Clustering
Usually the beginning of a study without prior population information requires guesstimating the number of clusters present in the data. This can be accomplished using a number of methods, like K-means, K-mediods, Fuzzy-C Means, etc. PopGen.jl extends several of the clustering algorithms available in Clustering.jl to work directly with PopData objects.
The cluster wrapper
All of the clustering methods implemented in PopGen.jl (read below) can be accessed using a single function cluster.
cluster(::PopData, method::Function; matrixtype::Symbol, kwargs...)

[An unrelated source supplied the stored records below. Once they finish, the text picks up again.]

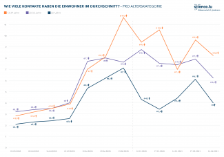 Nach der neuesten Umfrage auf science.lu haben die Einwohner Luxemburgs aktuell ca. 5,7 physische Kontakte pro Tag. Im Vergleich: Vor dem Lockdown betrug dieser Wert ca 17,5 (Daten aus einer ähnlichen Studie von Joël Mossong im Jahr 2008).
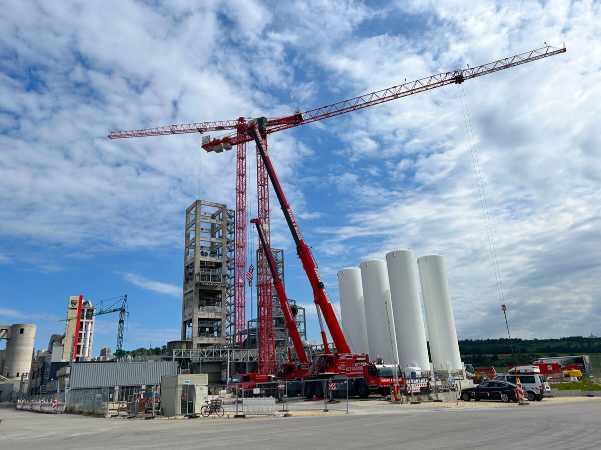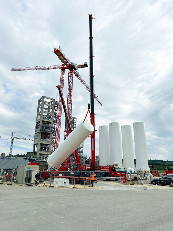 Was ein Ofenrohr ist, weiß jeder. Aber was bitteschön ist ein Drehofenrohr? Das ist, einfach gesagt, das zentrale Bauteil eines Drehrohrofens. Solch ein zylindrischer Ofen, der sich im Betrieb kontinuierlich um die eigene Achse dreht, kommt beispielsweise bei der Zementherstellung zum Einsatz. Und genau das wird auch der Drehrohrofen tun, den Schmidbauer im März 2024 beim Schwenk Zement in Mergelstetten bei Heidenheim eingesetzt hat. Allerdings nicht primär zur Produktion von Zement, sondern für einen höheren Zweck.
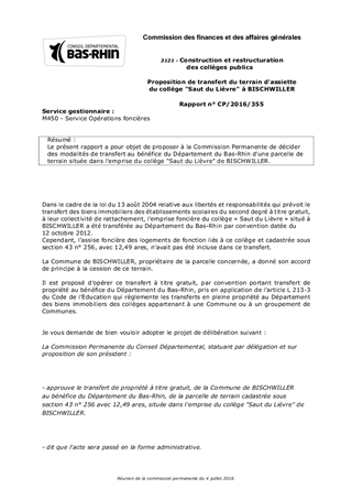 Le présent rapport a pour objet de proposer à la Commission Permanente de décider des modalités de transfert au bénéfice du Département du Bas-Rhin d'une parcelle de terrain située dans l'emprise du collège "Saut du Lièvre" de BISCHWILLER.
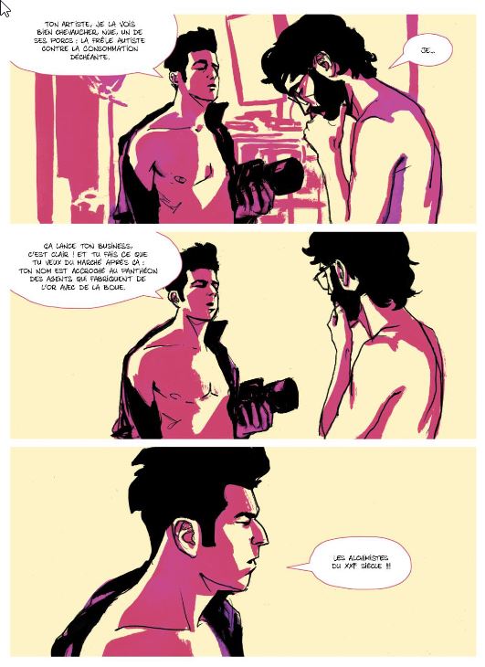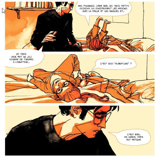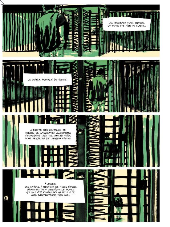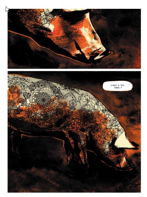 Raconté comme cela on a l’impression d’un pot-pourri de thèmes hétéroclites mais s’il y a bien un mélange des genres, des thèmes et même du noir et des couleurs, tout se passe dans la fluidité des dialogues et de l’enchaînement des séquences. Pas un mot de trop, pas une scène superflue. De nombreuses pages muettes car comme le dit le héros, ancien élève en arts appliqués contraint à se servir non pas d’un pinceau mais d’un « aspirateur à sang » pour tuer « des cochons du matin au soir et une semaine sur deux du soir au matin » dans l’abattoir où il travaille, « dessiner, c’est aussi écrire ».
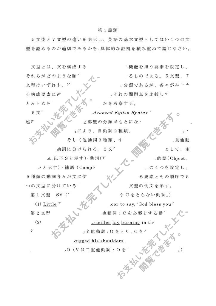 設題「5文型と7文型の違いを明示し、英語の基本文型としてはいくつの文型を認めるのが適切であるかを、具体的な証拠を積み重ねて論じなさい。」
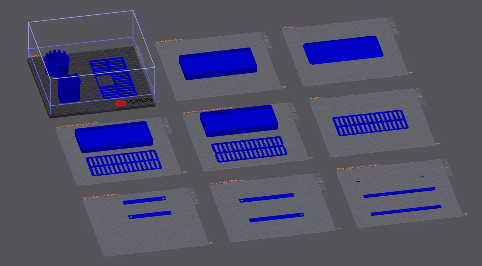 Bạn dùng slicer để xoay/hướng các mẫu cho đúng lên build plate (đa số đang chưa được orient đúng).
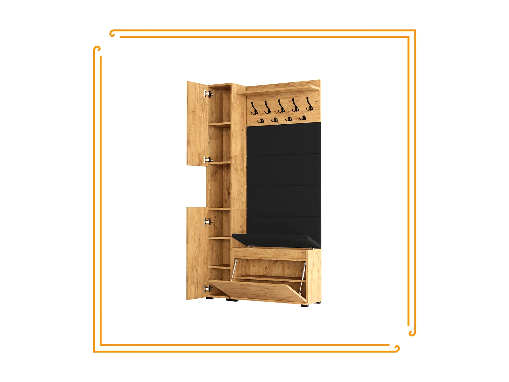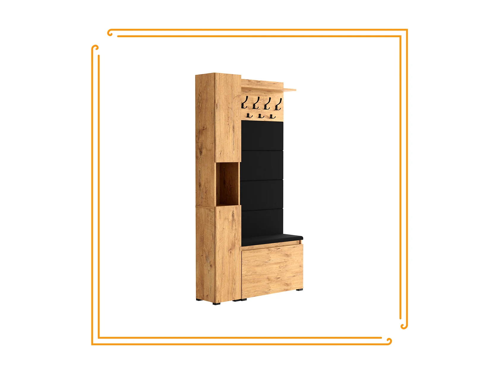 Garderobe für den Flur mit Sitzbank, Kleiderhaken, Polsterpaneel, Golden Craft und Schwarz
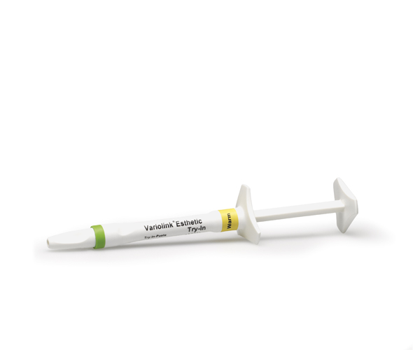 Dual-cure (DC) and light-cure (LC) composite for the permanent cementation of ceramic and composite restorations. Variolink Esthetic Try-in color testing paste is inspired by the aesthetic cementation composites Variolink II and Variolink Veneer. It features exceptional color stability thanks to the patented photoinitiator Ivocerin, which is completely free of amine-based co-initiators. Variolink Esthetic provides the foundation for durable and reliable aesthetic results. It is not subject to visible changes in its fluorescence color, which closely resembles that of natural teeth.
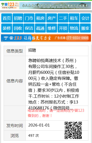 急聘铂悦高速技术(苏州)有限公司车间操作工30名,月薪约6000元(住宿补贴1000元)收入稳定有保障。缴纳五险一金+管吃(不含住宿).要求30岁以内,积极肯干.工作时长:12小时制工作地点:苏州报名方式:李13410688176(微信同号)
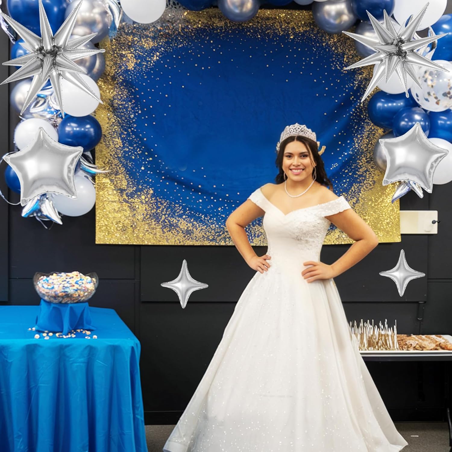 16 Pcs Silver Star Balloons, 22/18/10 Inch Foil Balloons, Four-Pointed Large Balloon for Kids Birthday Graduation Celebration Wedding Baby Shower Party Decorations
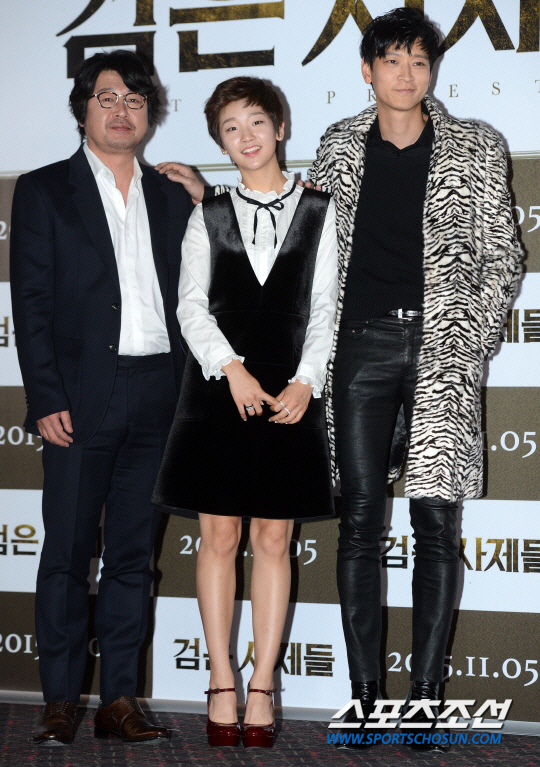 검은 사제들' 언론시사회에서 김윤석은 강동원의 외모에 대해 "칭찬밖에 더할 게 있겠냐"며 "박소담에게 물어보는 게 낫겠다"고 입담을 뽐냈다.
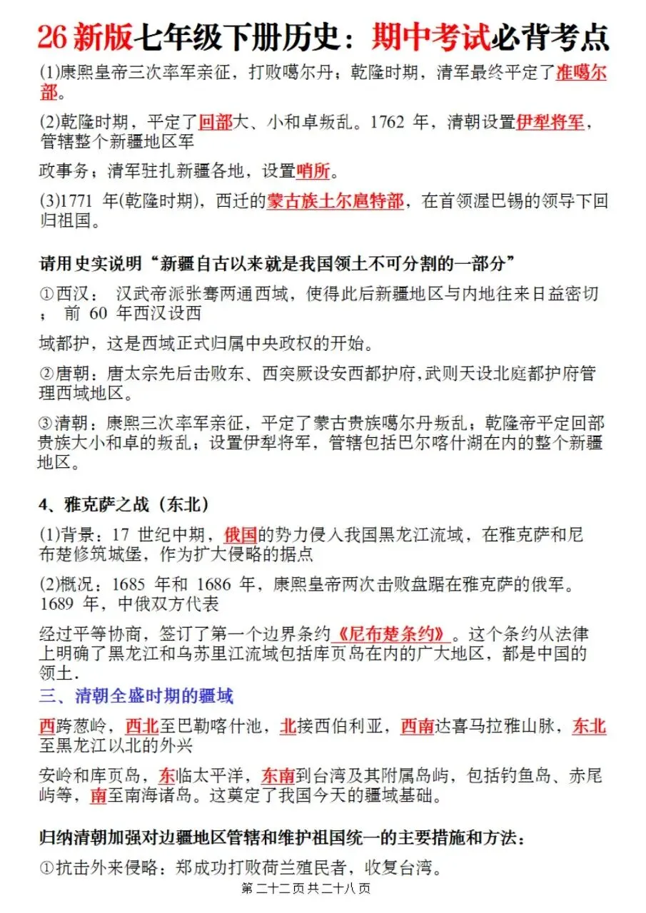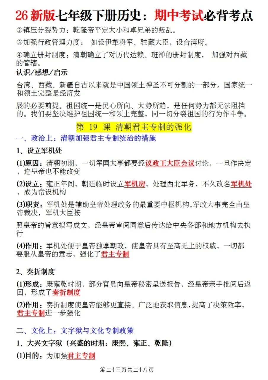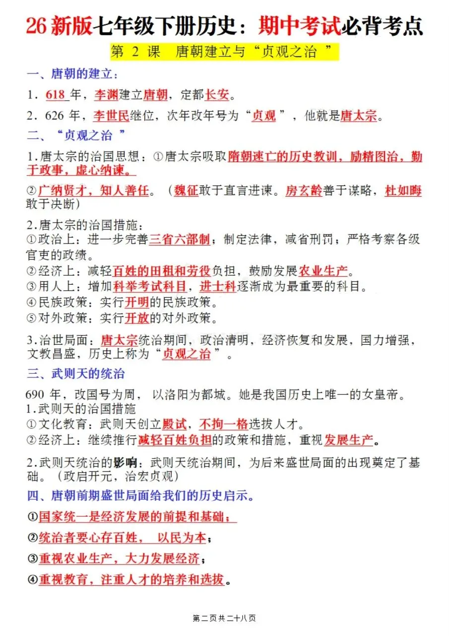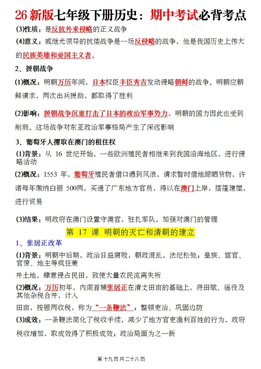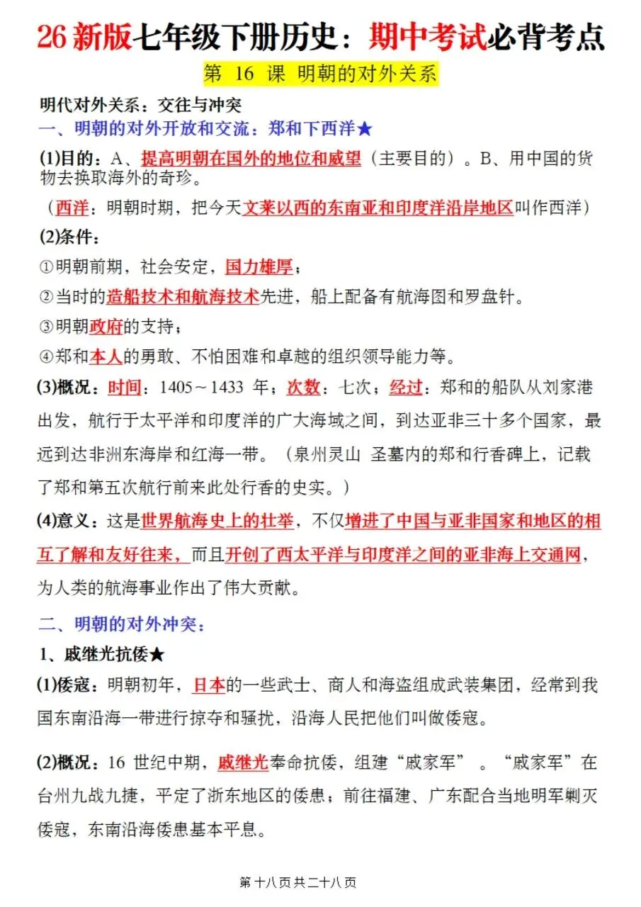 帮我写作,帮我如何利用老师整理好2026年最新教材七下历史期中复习必考知识点。很多同学历史复习没有方向,知识点杂乱抓不住重点,刷题费力还没效果,白白浪费宝贵的备考时间。
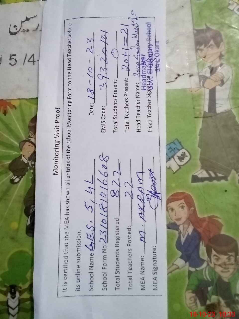 | Attendance Register | Head Teacher | MEA with School | Visit Proof |
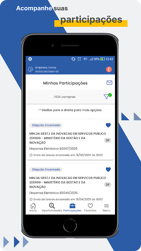 ลงทะเบียนบริษัทของคุณในระบบลงทะเบียนผู้จำหน่ายสินค้าและบริการแบบครบวงจร (Sicaf) โดยระบุหมายเลข CNPJ/CPF ของคุณ ซึ่งจะทำให้บริษัทของคุณสามารถเข้าร่วมในกระบวนการประมูลได้
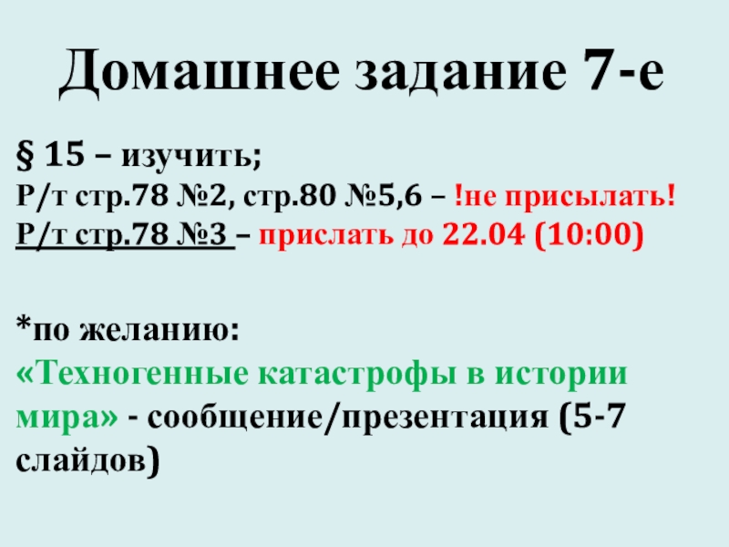 Р/т стр.78 №3 – прислать до 22.04 (10:00)
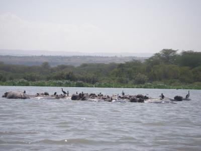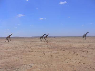 国立公園内に入って間もなく出会ったマサイキリンの団体。ここは雨季には湖...

A convenience wrapper to perform clustering on a PopData object determined by a designated method. The
chosen method must also be supplied with the appropriate keyword arguments for that method. For more information on
a specific method, read more below or see its docstring in a Julia session with ?methodname (e.g., ?kmediods). The keyword argument matrixtype refers to which input matrix you would like to use for clustering, one of either :pca (default, principal components of the scaled allele frequencies) or :freq (scaled allele frequencies).
Clustering Methods
| Method Name | Method Type | Keyword Arguments |
|---|---|---|
kmeans | K-means++ | k, iterations |
kmedoids | K-medoids | k, iterations |
hclust | Hierarchical Clustering | linkage, branchorder, distance |
fuzzycmeans | Fuzzy C-means | c, fuzziness, iterations |
dbscan | Density-based Spatial Clustering of Applications with Noise (DBSCAN) | radius, minpoints, distance |
Examples
julia> cats = @nancycats;
julia> cluster(cats, kmeans, iterations = 100);
julia> cluster(cats, dbscan, matrixtype = :freq)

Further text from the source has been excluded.